FIG. 4 is an explanatory view showing a first step of a manufacturing process of the flow control device according to the present invention.

FIG. 5 is an explanatory view showing a second step of the manufacturing process of the flow control device according to the present invention.

FIG. 6 is an explanatory view showing a third step of the manufacturing process of the flow control device according to the present invention.

FIG. 7 is an explanatory view showing a position of a calibrated mandrel with respect to a main body in a manufacturing process of the flow control device according to the present invention, and is a view showing a first step.

FIG. 8 is an explanatory view similar to FIG. 7, showing a second step.
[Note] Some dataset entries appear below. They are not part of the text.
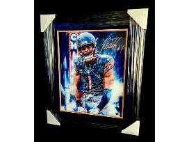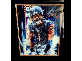 A large "signed" colorized 16x20 framed "Portrait" photo of Justin Fields with hologram & QR code authenticity.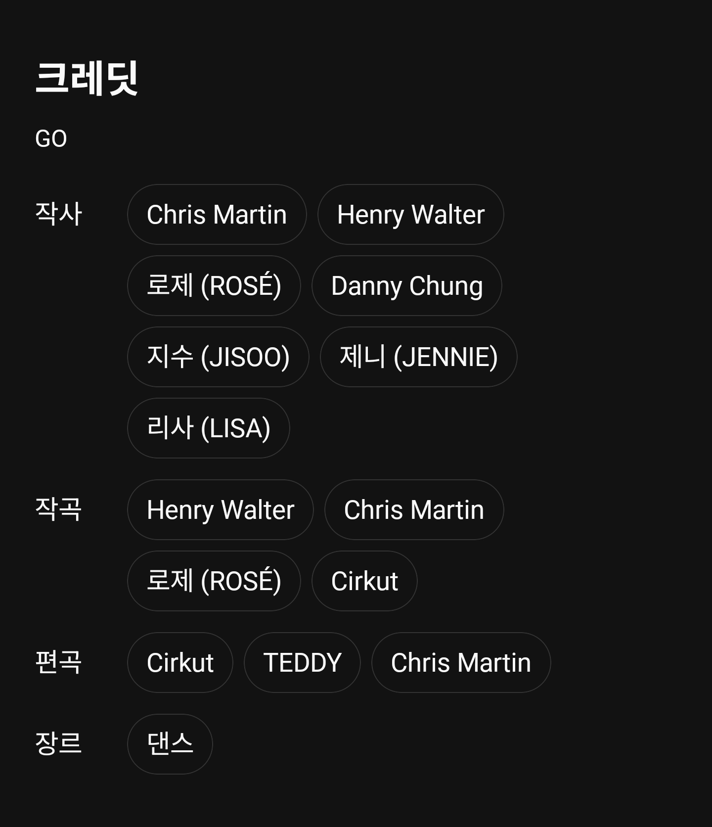 [흥미돋]블랙핑크 타이틀곡 "GO" 크레딧 작성자샌미|작성시간26.02.27|조회수32,651 목록 댓글 27 글자크기 작게가 글자크기 크게가 출처: https://theqoo.net/square/4108833091 다음검색 현재 게시글 추가 기능 열기 북마크 공유하기 신고 센터로 신고 댓글 댓글 27 댓글쓰기 답글쓰기 댓글 리스트 작성자유돈노하우럭키유아 | 작성시간 26.02.27 크리스마틴 로제 테디? 미쳣네 작성자지재유경 | 작성시간 26.02.27 ㄷㄷ 크리스마틴 작성자대디오 | 작성시간 26.02.27 에 콜드플레이? 작성자샤브올데이 | 작성시간 26.02.27 크리스마틴..? 한국 공연때 친해졌나 대박이네 작성자Hell Angel | 작성시간 26.02.28 ㅁㅊ 크리스 마틴?????? ㄷㄷㄷ 댓글 전체보기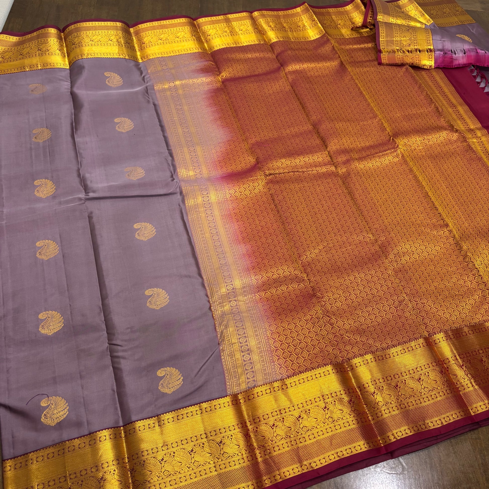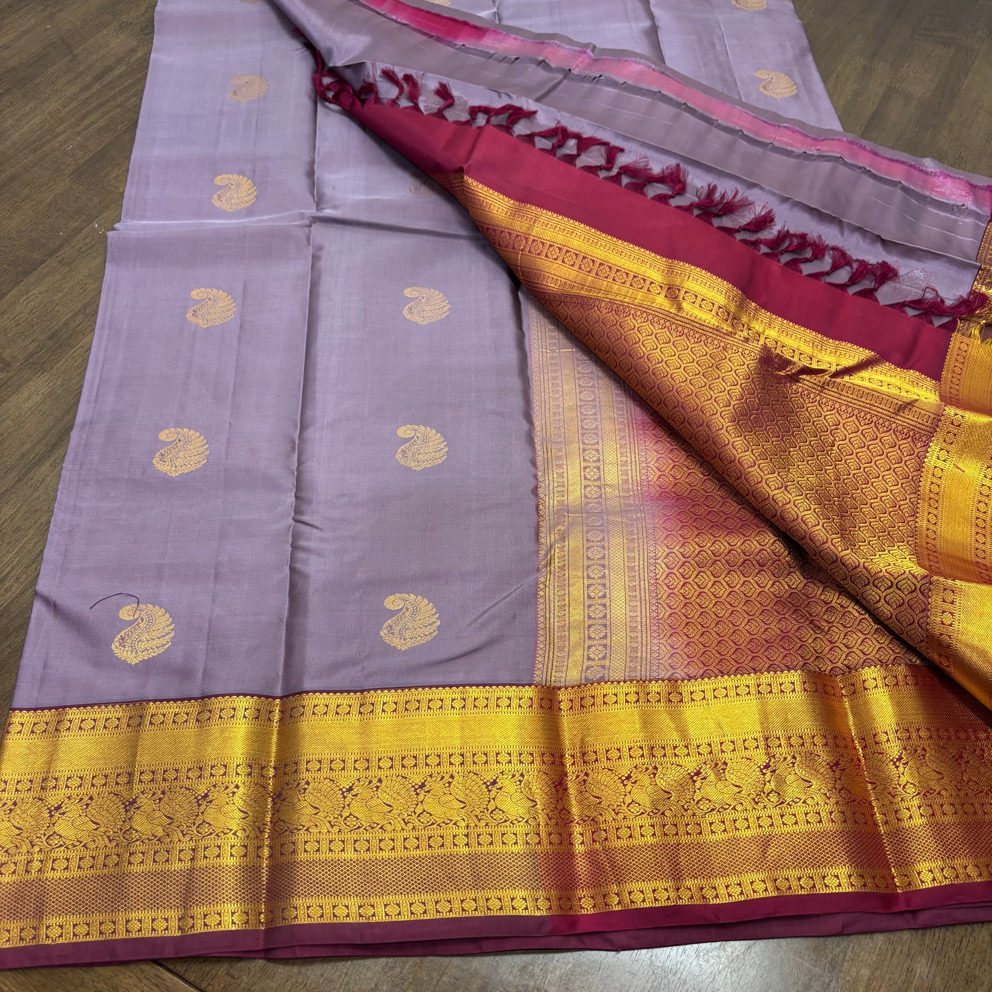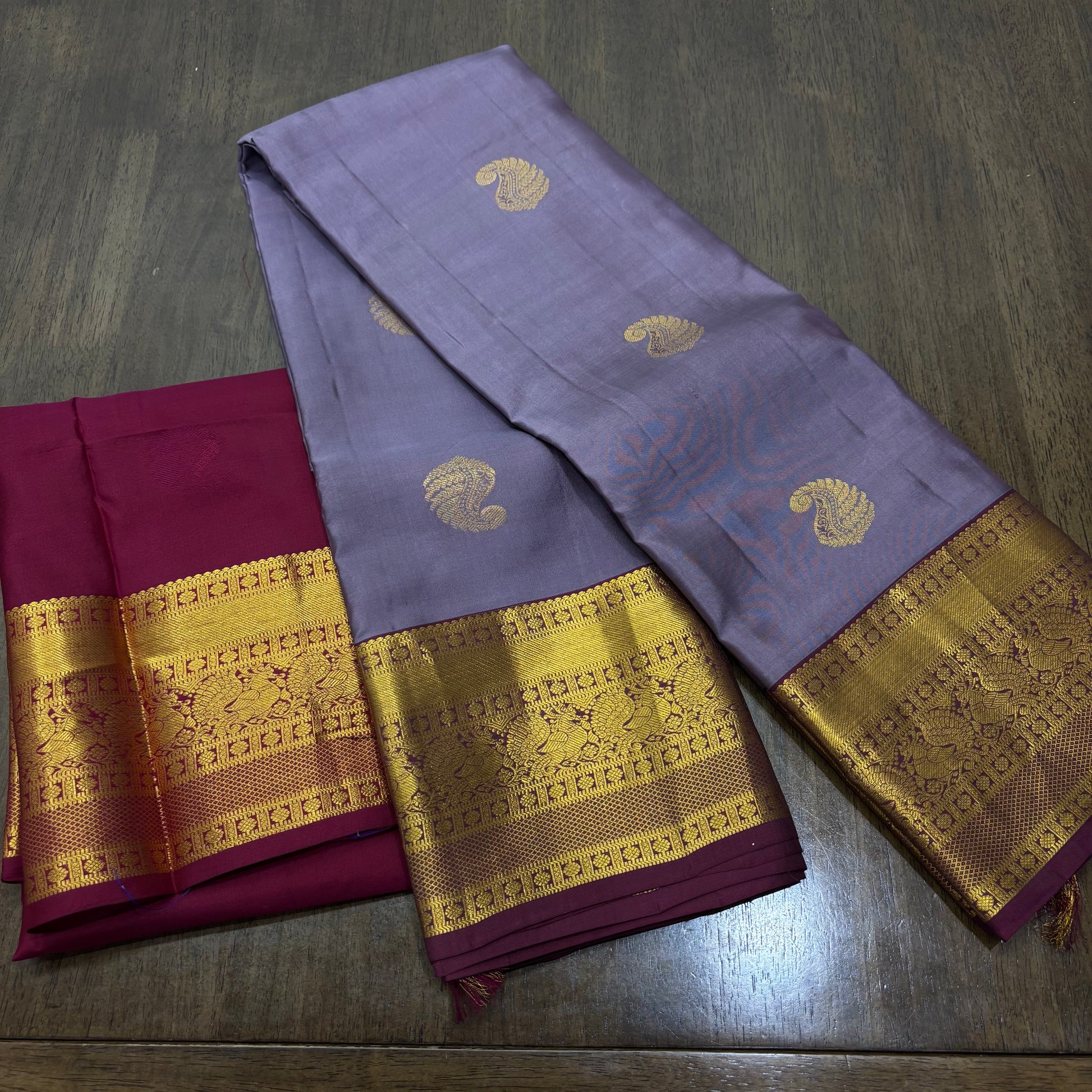 Elegant Pastel Purple and Maroon Kanchipuram Silk Saree

FIG. 9 is an explanatory view similar to FIG. 7, showing a third step.

FIG. 10 is an explanatory view similar to FIG. 7, showing a fourth step.

FIG. 11 is an explanatory view similar to FIG. 7, showing a fifth step.
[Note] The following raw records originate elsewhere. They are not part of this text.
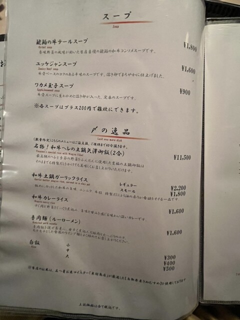 メニューを見てひとつひとつ頼むのもよいのですが、メニュー表を拝見していると、お肉9000円以上、前菜含むお肉10000円以上のお任せコースも可能なようだったので、最初はお任せ10000円コースで、後から他にも食べたいお肉を追加する形でお願いしました。
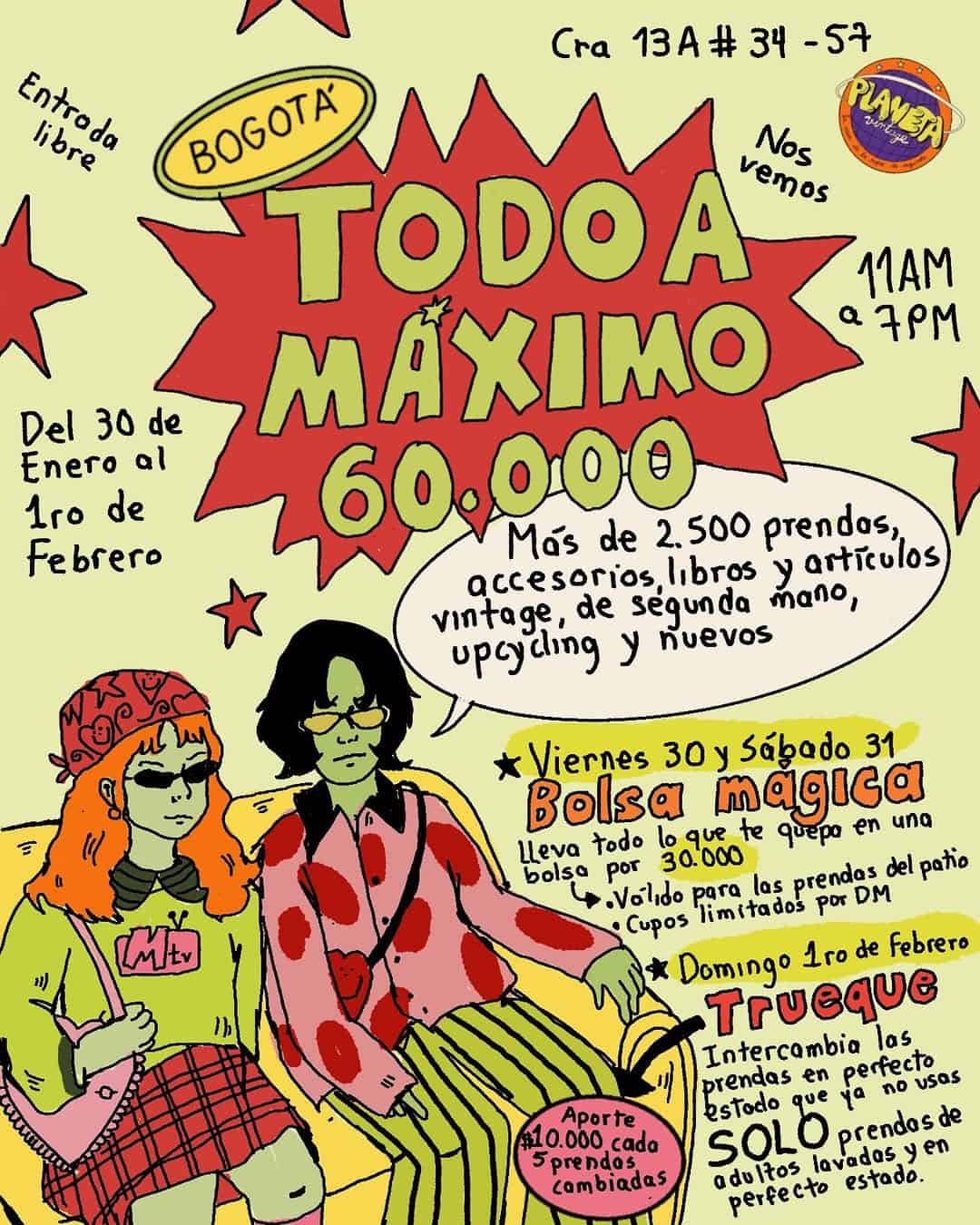 ¡No te pierdas la oportunidad de asistir a ‘TODO A MÁXIMO 60.000’ en Bogotá! Este evento de venta de garaje y mercado vintage te ofrece más de 2.500 prendas y artículos vintage y de segunda mano a no más de 60k. Además, podrás participar en la ‘Bolsa mágica’, donde todo lo que te quepa te costará solo 30k. También podrás intercambiar lo que ya no usas en nuestro ‘Trueque’. ¡Te esperamos en Planeta Vintage Bogotá!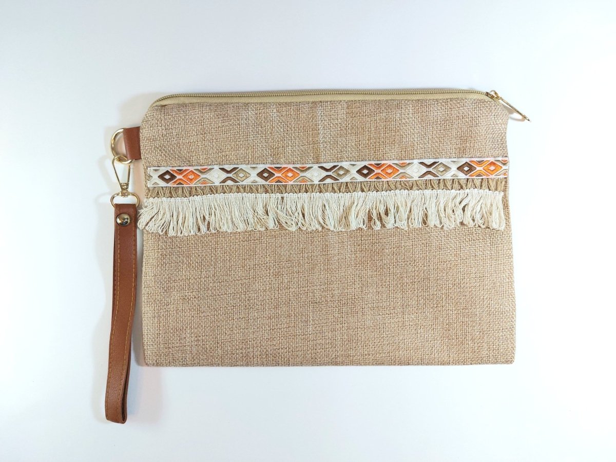 كلاتش كتان وعليها كلفه صغيره بلون ابيض و بني و برتقالي و خيش مبطن من الداخل. و سوسته و يده من الجانب مقاس الكلاتش ٢٧ عرض × ٢٠ طول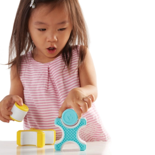 GRIPPIES je revoluční magnetická stavebnice, která již vyhrála několik ocenění. Kombinuje hmatové vjemy, prostorovou představivost a cit pro rovnováhu. Jednotlivé díly jsou potaženy příjemným měkkým povrchem s různými texturami a opatřeny čtyřmi jasnými barvami. Díky magnetům lze jednotlivé části spojovat a různě vzájemně kombinovat a tím pak vytvářet nespočetné množství různých staveb. Dílky jsou navrženy, tak aby byly maximálně bezpečné a děti je mohly bez problému uchopit a manipulovat s nimi.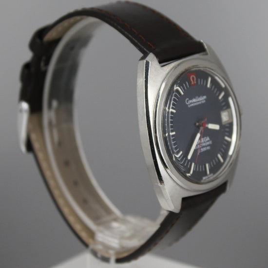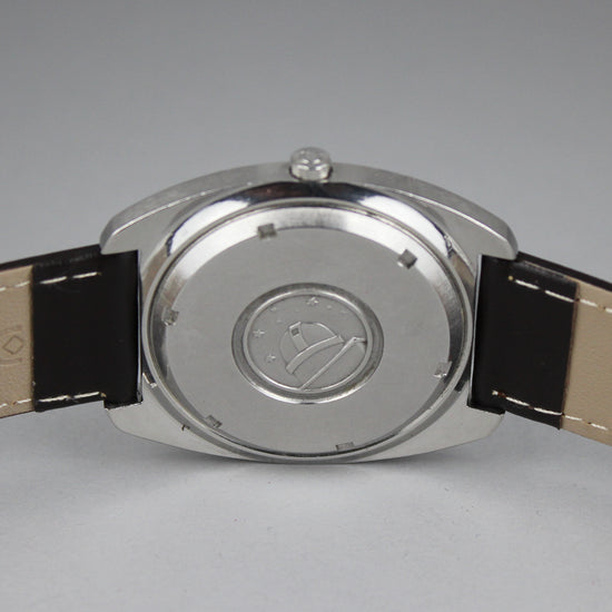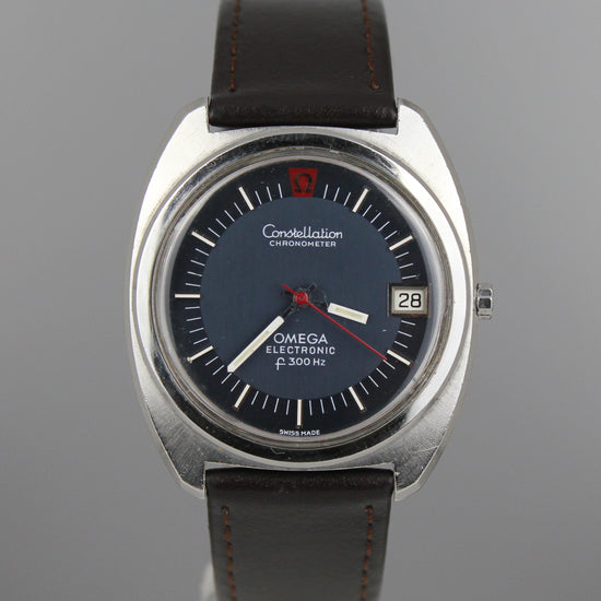 Omegan äänirautakello hienolla kaksivärisellä sinisellä taululla ja punaisilla yksityiskohdilla. Alkuperäinen lasike on hyvässä kunnossa, ei isoja naarmuja tai halkeamia. Taulussa on yksi pieni jälki kello 4 kohdalla. Kuorissa on iän sekä käytön tuomia jälkiä ja nuppi on alkuperäinen. Nahkaranneke on käytetty. Huoltohistoria ei ole tiedossa, mutta kello toimii hienosti. |

FIG. 12 is an explanatory view similar to FIG. 7, showing a sixth step.

FIG. 13 is an explanatory view similar to FIG. 7, showing a seventh step.

FIG. 14 is an explanatory view showing a state in which the flow regulating device according to the present invention is connected to a connecting piece.
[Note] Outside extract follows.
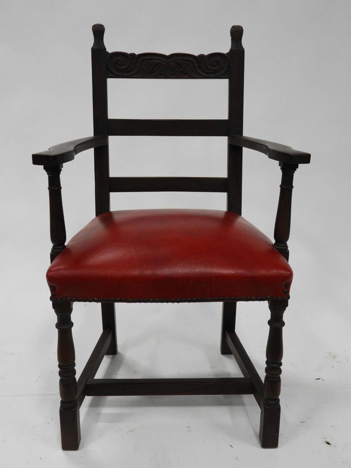carved oak armchair in the 17th century english manner, c.1950, 38" x 23 1/2" x 18"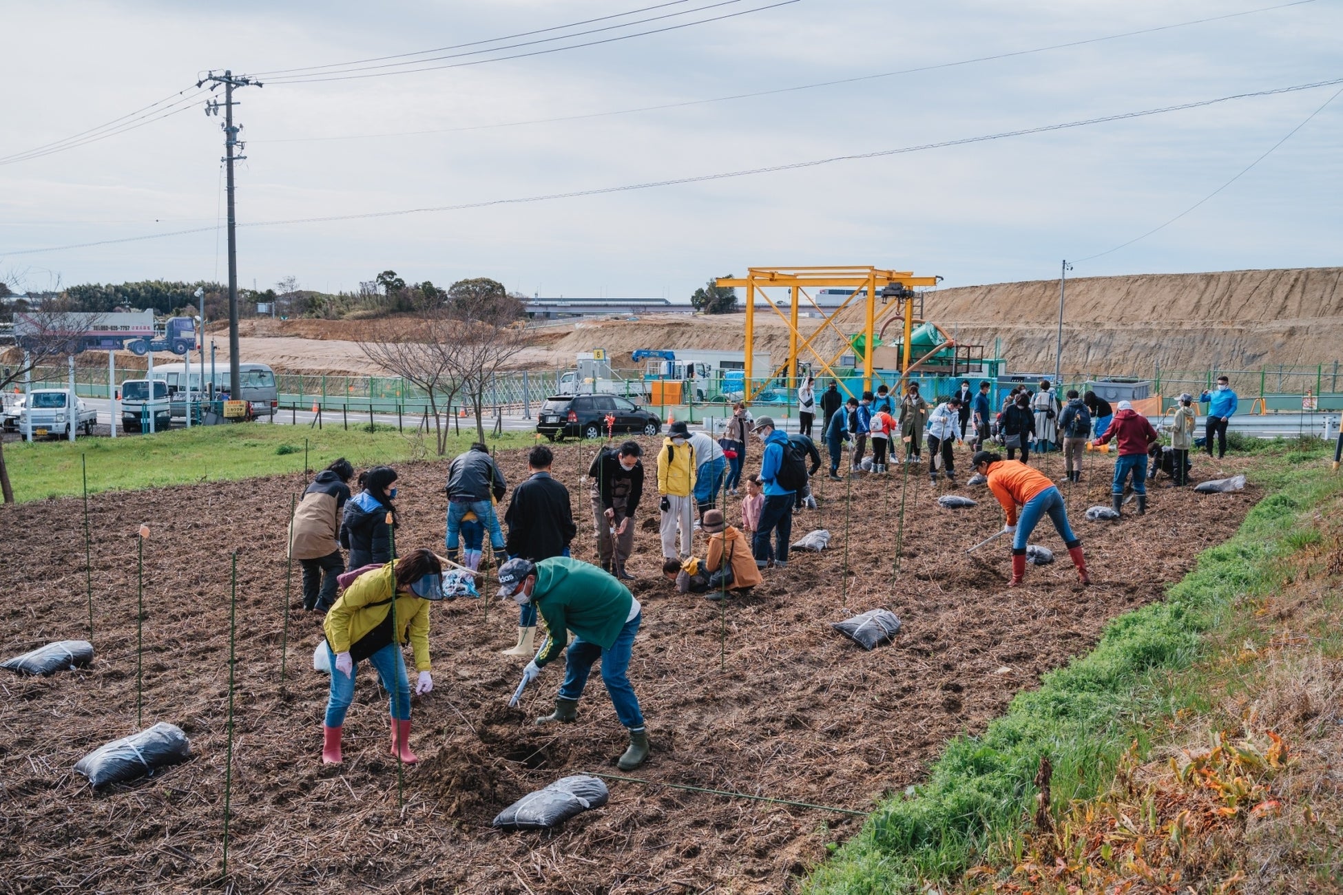 このぶどう畑の定植作業には、2021年のクラウドファンディングで支援してくださった皆さまにもご参加いただきました。

FIG. 15 is an explanatory view showing a state where the flow regulating device according to the present invention is connected to a supply pipe.

FIG. 16 is an explanatory diagram showing a use state of the flow adjustment device of the present invention in a clinical room.

[Explanation of symbols]

 DESCRIPTION OF SYMBOLS 1 ... Single molded piece 2, 3 ... End part 4 ... Central part 5 ... Bore 7 ... Tubular element 8 ... Mandrel 9, 10 ... Press tool 11 ... Central area 12 ... Internal 13 ... Tube end part 14 ... Molding die 15 Guide member 16 Inflatable collar 17 Mandrel 22, 23 Connecting piece 26 Supply pipe device

──────────────────────────────────────────────────続 き Continuation of the front page (56) References JP-A-62-49863 (JP, A) JP-A-3-237984 (JP, A) JP-A-62-261369 (JP, A) 164637 (JP, U) JP-A 1-1117348 (JP, U) (58) Field surveyed (Int. Cl. ⁶ , DB name) A61M 5/14

Claims (2)

(57) [Claims] 1. A single tubular molded piece connected to a fluid supply device, said tubular molded piece having two tubular ends that can be fitted to the ends of the supply line pipes of the fluid supply apparatus. And a circular bore formed therein between the two ends of the tube, the circular bore forming a uniform cross-sectional passage having a predetermined precision diameter and length communicating with the supply pipe, wherein the diameter of the bore is Is a smaller diameter than the inner diameter of the two tubular ends, the diameter and length of which are functions of the radius of the supplied fluid, and are calibrated and selected. 2. A method of manufacturing a flow control device such as a catheter according to claim 1, comprising providing a continuous tubular element and simultaneously introducing a calibrated mandrel into said tubular element in its axial direction. The tubular element is placed in a molding die at a predetermined interval from one end of the tubular element corresponding to the insertion position of the mandrel, and the mold is hot-pressed to remove the tubular element in the mold. Flatten to form a calibration bore corresponding to the calibration cross section of the mandrel, then cool the mold, remove the mandrel, cut both ends of the tubular element with the calibration bore formed to a predetermined length And forming a single tubular molded piece having a calibration flow path compression-molded between the two tubular ends.